● Extracted information:
───

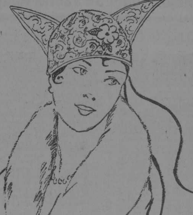
ADORNADO DE TEATRO, BONETE DE PLATA CON ADORNOS DE ROSAS AMARILLAS. (Mc Clare, 1915.)

SOLO POR ESTE MES, y al objeto de dejar espacio para las grandes remesas de mercancías para el próximo verano, de la más alta novedad, que para el mes de Abril recibiremos de los principales mercados de Europa y América, los propietarios de gran establecimiento de tejidos y sedería "El Correo de París", han convenido en rebajar en un CINCUENTA por ciento el valor en venta de todos los artículos. Acabamos de recibir los últimos modelos del corset Warner, propiedad exclusiva de esta casa. Valdés y Pérez. "EL CORREO DE PARIS". Obispo, 80. Teléfono A-3260.
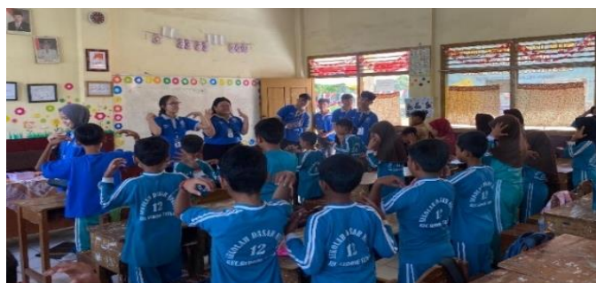
Gambar 2. 5 berkunjung ke SDN 12 Gedong tataan

Berkunjung ke SDN 12 Gedong Tataan memberikan motivasi kepada adik-adik dan bermain sambil belajar.
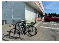
セイコーマートとの連携(休憩施設、サイクルラック設置)
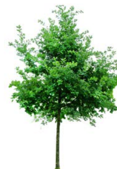
Vintereik Quercus petraea f.k. Agder

───

● Task brief:
The required output is a copy of each line in the records where the string "Gedong" occurs.

● Answer box:
Gambar 2. 5 berkunjung ke SDN 12 Gedong tataan
Berkunjung ke SDN 12 Gedong Tataan memberikan motivasi kepada adik-adik dan bermain sambil belajar.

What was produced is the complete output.